We need some type of extra resources which will increase costs
Executing disaster recover/business continuity process takes time. How long it takes depends on the type of DR/BC in usage
DR/BC is trade-off between the time and costs
Types of Disaster Recovery
Backup and Restore:
Data is constantly backup up at the primary site
The only costs are backup media and management, no ongoing space infrastructure costs
Has little or no upfront costs, but implies a significant time for recovery
Expected recovery time is counted in hours
Pilot Light:
Primary site is running at full
Pilot Light implies running a secondary environment only having the absolute minimum services running
In the event of a disaster the shutdown services can be spined up, no costs are expected to be inquired if there is no need for DR
Expected recovery time is a few 10s of minutes
Warm Standby:
Primary site is running at full, everything is replicated on the backup site at a smaller scale
Ready to be increased in size when failover is required
It is faster than pilot light approach and cheaper than active/active approach
Expected recovery time is a few minutes
Active/Active (Multi-site):
Primary site is entirely replicated on a secondary site
Data is constantly replicated from the primary site to the backup
Costs are generally 200%
There is no concept of recovery time
Additional benefits:
Load balancing across environments
Improved HA and performance
Summary:
Backups: cheap and slow
Pilot Light: fairly cheap but faster
Warm Standby: costly, but quick to recover
Active/Active: expensive, 0 recovery time
DR Architecture - Storage
Instance Store volumes:
Most high risk form of storage available
If the host fails, the instance store volumes will also fail
Should be viewed as temporary and unreliable storage
EBS:
Volumes are created an run in a single AZ (failure of AZ means failure of EBS volumes)
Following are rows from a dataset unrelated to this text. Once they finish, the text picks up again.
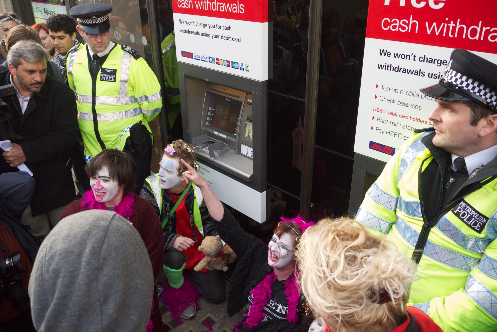 after a few minutes at downing street, the march moved on past parliament and round to the department of business, industry and skills, in victoria street. there, the road was closed off, and there were more speeches and chants, including 'willets, willets, what you gonna do when we come for you', and 'we fucked up your hq'. the numbers of 'liaison officers' reduced, and an overt FIT team started taking photos and videos of the demonstrators, including four clowns who started clowning around, worshipping the HSBC cashpoint opposite, as well as kneeling in praise to the police.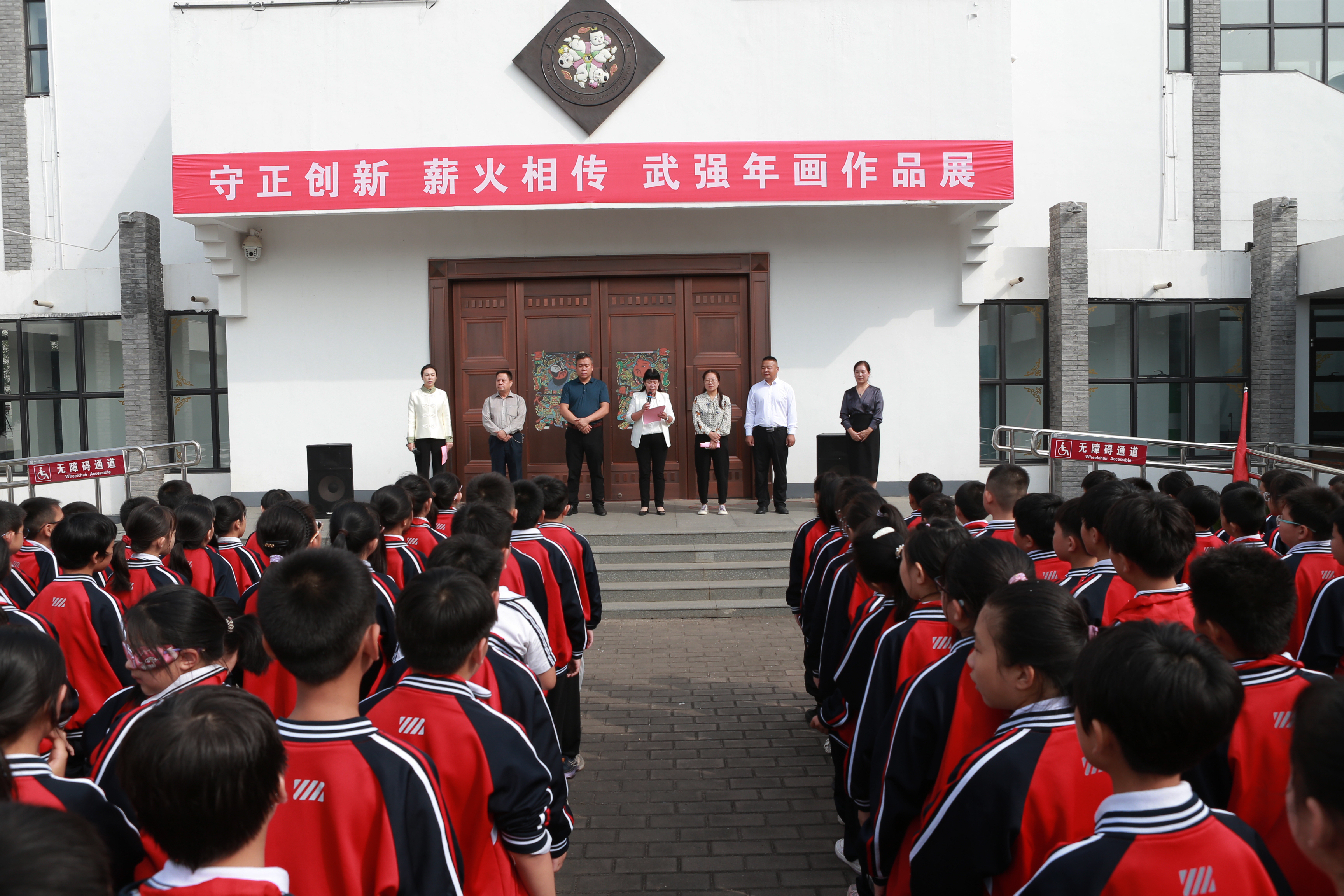 此次展覽在武強年畫博物館舉辦,共展出2020年以來武強年畫畫家及北京市第六十五中學學生所創(chuàng)作的武強年畫新作100余幅,主題涉及法治平安、建功新時代等,題材豐富,風格多樣,格調清新,異彩紛呈,體現(xiàn)了武強年畫與時俱進、守正創(chuàng)新的嶄新風貌,以及武強年畫進校園、在北京市第六十五中學培根鑄魂、薪火相傳的豐碩成果。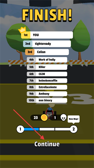 4、比賽結(jié)束后點(diǎn)擊【Continue】進(jìn)入下一場(chǎng),爭(zhēng)取每次都獲得更好的排名以獲取更多獎(jiǎng)勵(lì)。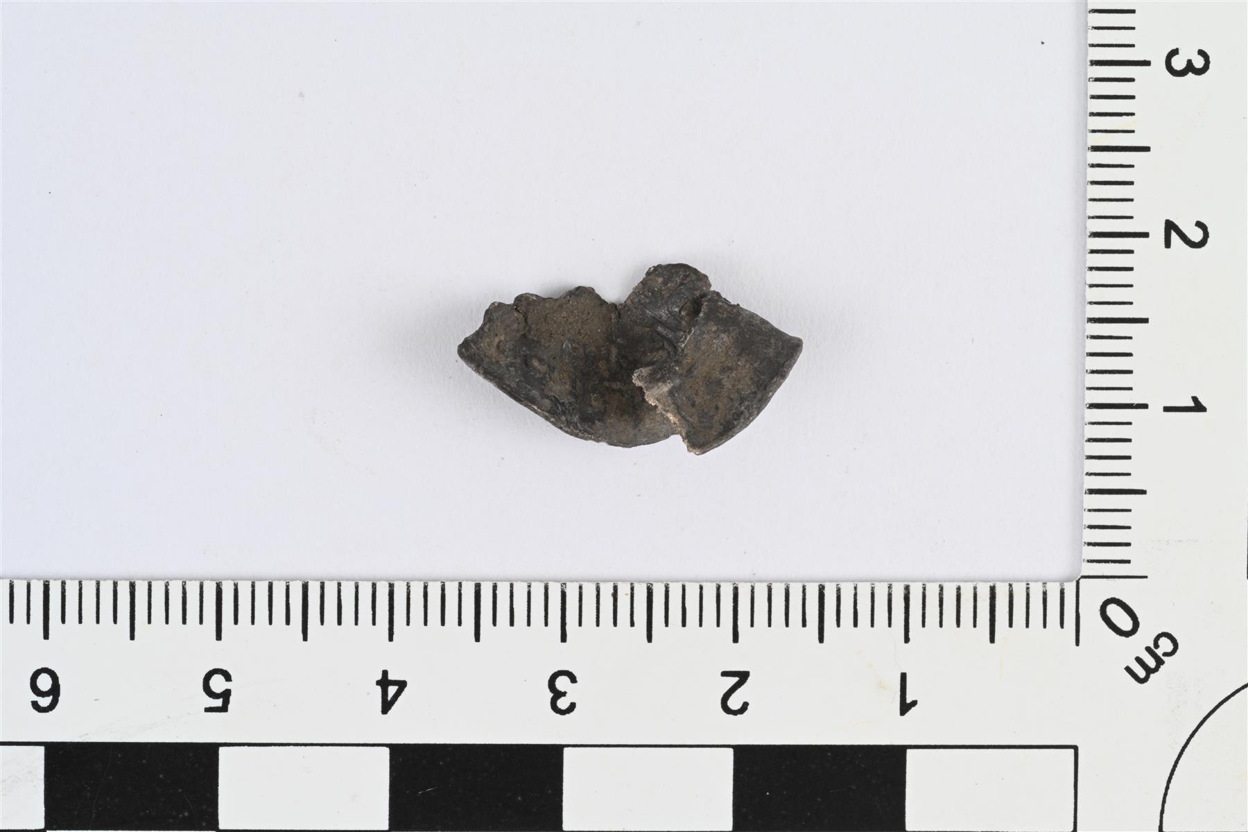 | Samanidi-dirhemin (tai jäljitelmän) katkelma, n. 900-950. Taittunut, palanut. | |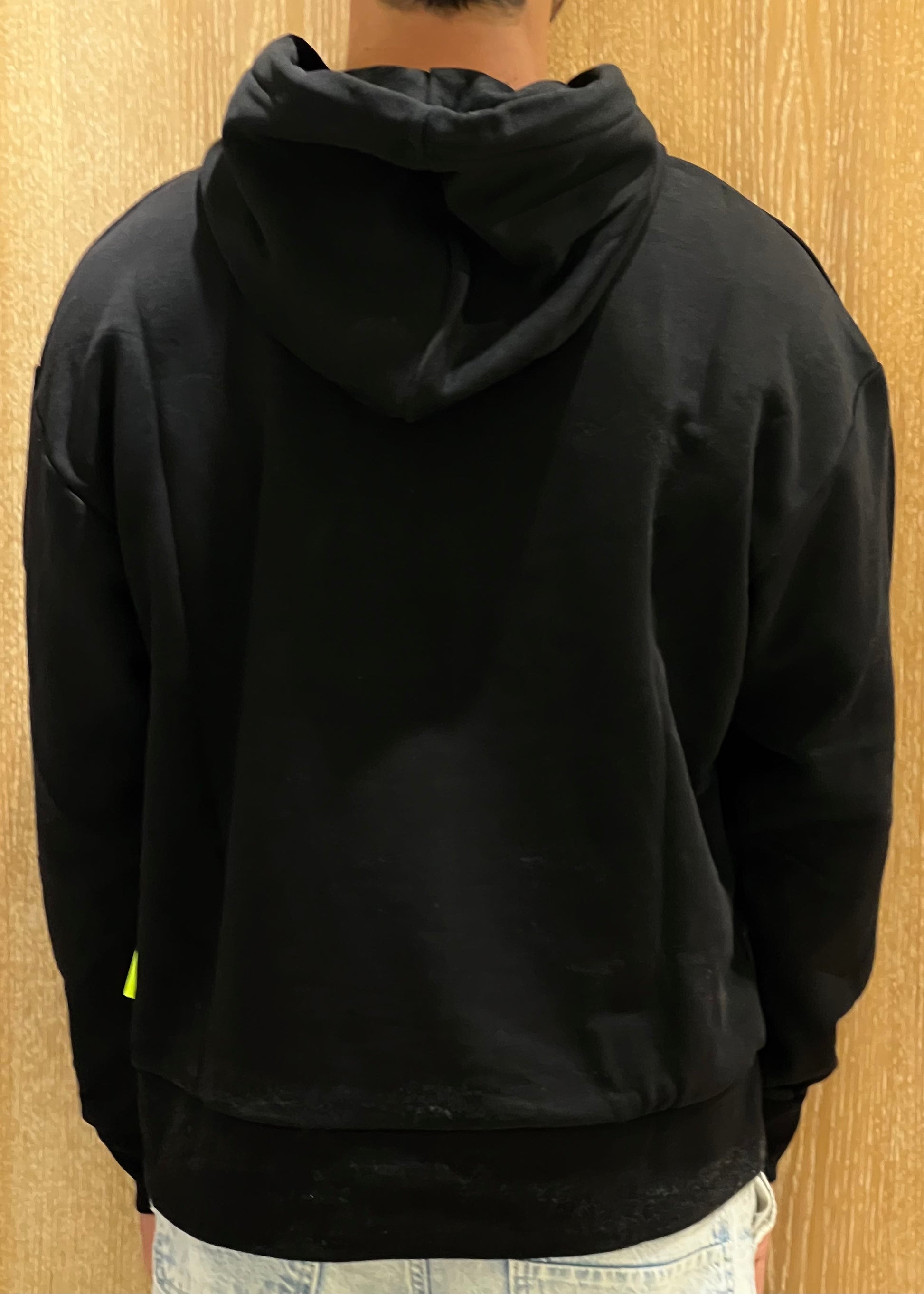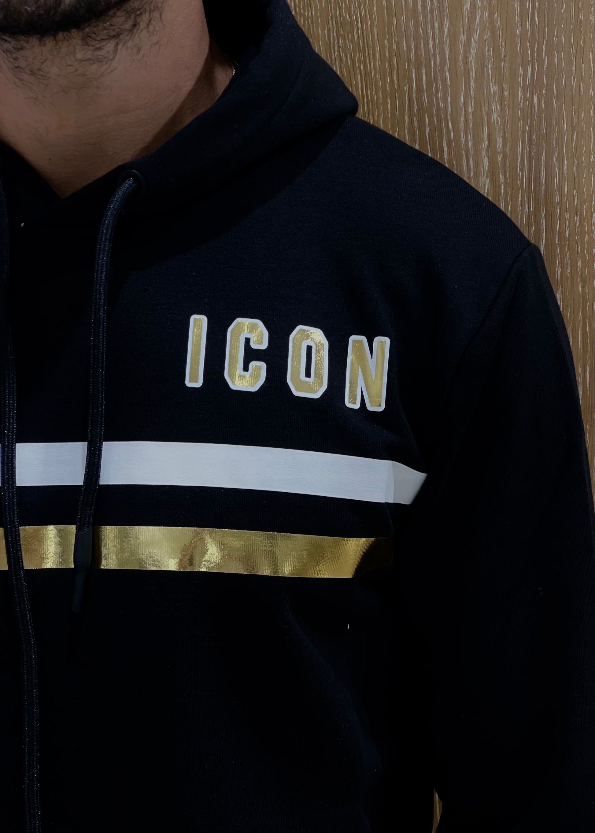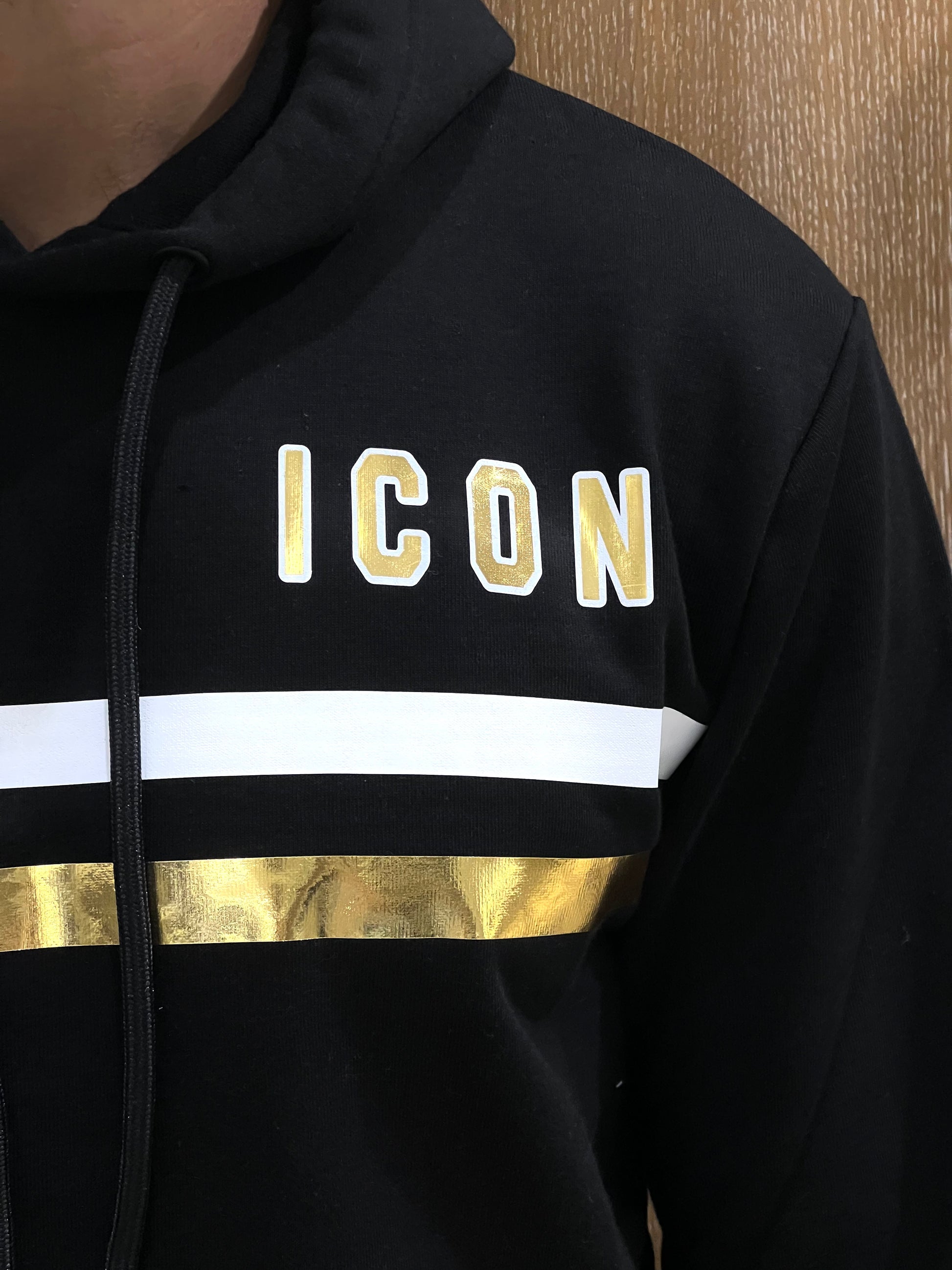 Felpa nero con cappuccio e bande oro e bianco lucide con scritta icon.

Snapshots of EBS are stored in S3, will increase reliability
S3:
Data is replicated across multiple AZs
One-Zone: not regionally resilient
EFS:
EFS file systems are replicated across multiple AZs
They are by default regionally resilient - failure of a region means failure of EFS volumes
DR Architecture - Storage:
DR Architecture - Compute
EC2:
If the host fails, EC2 instances fails as well
An EC2 instance by itself is not resilient in any way
If the failure is limited to one host, the instance can move to another host in the AZ. The EBS volume can be presented to the new instance
Auto Scaling Group: can be placed in multiple AZs, if the instance fails in one AZ, the ASG’s role is to recreate them in another
ECS:
Can run it 2 modes: EC2 and Fargate
EC2 mode: DR architecture is similar as above
Fargate mode: containers are running on a cluster host managed by AWS being injected in VPCs
Fargate can provide automatic HA by running things in different AZs
Lambda:
By default runs in public mode
In VPC mode (private) Lambdas are injected in VPCs. If an AZ fails, Lambda can be automatically injected in another subnet in a different AZ
It will take the failure if a region in order for Lambda to be impacted
DR Architecture - Compute:
DR Architecture - Databases
Running databases on EC2 should be done in certain cases only!
DynamoDB:
Data is replicated between multiple nodes in different AZs
Failure can occur only if the entire region fails
RDS:
Requires creation of a subnet group which specifies which subnet can be used in a VPC for a DB
Normal RDS (not Aurora) involves a single instance or primary and standby instance running in different AZs
Data is stored in local storage for each instance, data is replicated asynchronously to the standby
If the primary instance fails, automatic fallback is done to the standby
In case of Aurora, we can have one or more replicas in each AZs
Aurora uses a cluster storage architecture, storage is shared between running DB instances
Aurora can resist failures up to the entire region failure (not using Aurora Global)
Global Databases:
DynamoDB Global Table: multi master replication between regional replicas.
Aurora Global Databases: read-write cluster in one region, secondary read cluster in other regions. Replication happens at the storage layer, no additional load placed on the DB
Cross Region Read Replicas for RDS: asynchronous replication but not done on the storage layer
DR Architecture - Databases:
DR Architecture - Networking
Networking at local level:
VPC are regionally resilient
Certain gateway objects like VPC Router and IGW are also regionally resilient
Subnets are tied to AZ they are located in, if the AZ fails, the subnet fails as well
LB: regional services, nodes are deployed into each AZ we select
By using a LB we can route traffic to AZs which are healthy
Interface endpoint:
Are tied to an AZ
Multiple interface endpoints can be deployed into different AZs
DR Architecture - Networking:
Global Networking:
Route53 can route globally to different regions (failover routing)